Anyway - using time() as a seed to srand() is somewhat crappy for this very reason - time() doesn't chage very often, and worse, it's predictable. If you know the current time, you can work out what rand() will return. The internet has many, many examples of better srand() seeds.
Pseudo-random number generators (like rand) work by taking a single starting number (the seed) and performing a numeric transformation on it each time you request a new number. You want to seed the generator just once, or it will continually get reset, which is not what you want.

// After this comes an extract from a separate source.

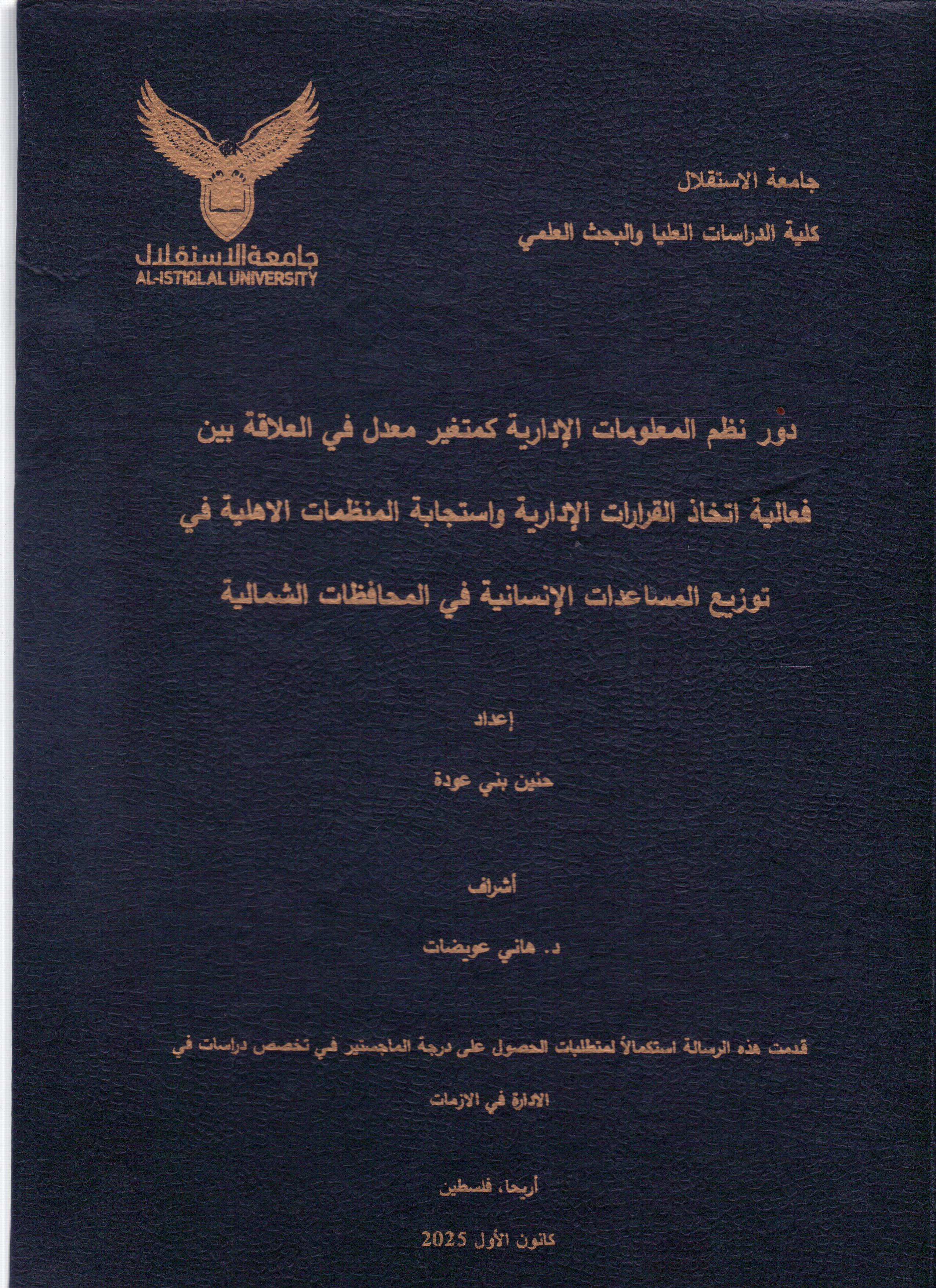 دور نظم المعلومات الادارية كمتغير معدل في العلاقة بين فعالية اتخاذ القرارات الادارية واستجابة المنظمات الاهلية في توزيع المساعدات الانسانية في المحافظات الشمالية ر / 658.403 / د و ر

As you discovered, you should just call srand just once in main. Also note that a number of rand implementations have pretty short cycles on the low 4 bits or so. In practice this means you might get an easily predictable repeating cycle of numbers You might want to shift the return from rand right by 4-8 bits before you take the % 2.
EDIT: The call would look something like:
return 1 + (rand() >> 6) % 2;
Seed only once per program, not every time you call coinToss()
To expand on Mark B's answer: It is not so much that the random number generator is reset as it sets a new variable to be used in calculating random numbers. However your program doesn't do that much work between calls to srand. Therefore every time you call srand(time(0)) it is using the same seed, so you are resetting the internal state of the random number generator . If you put a sleep in there so that time(0) changed you would not get the same number every time.
As for how data passes from srand to rand, it is fairly simple, a global variable is used. All names that start with an underscore and a capital letter or two underscores are reserved for variables used by your compiler. More than likely this variable has been declared static so it isn't visible outside of the translation unit(aka the library file that contains your compiler's standard library.) This is done so that #define STUFF 5 doesn't break your standard library.
for simple simulations, you must not change the seed at all during the simulation. Your simulation will be "worse" in that case.
To understand this, you should see pseudo random sequences as a big wheel of fortune. When you change the seed, it is like you change the position, and then, each call to rand will give you a different number. If you roll again, it will be more probable finding yourself repeating numbers.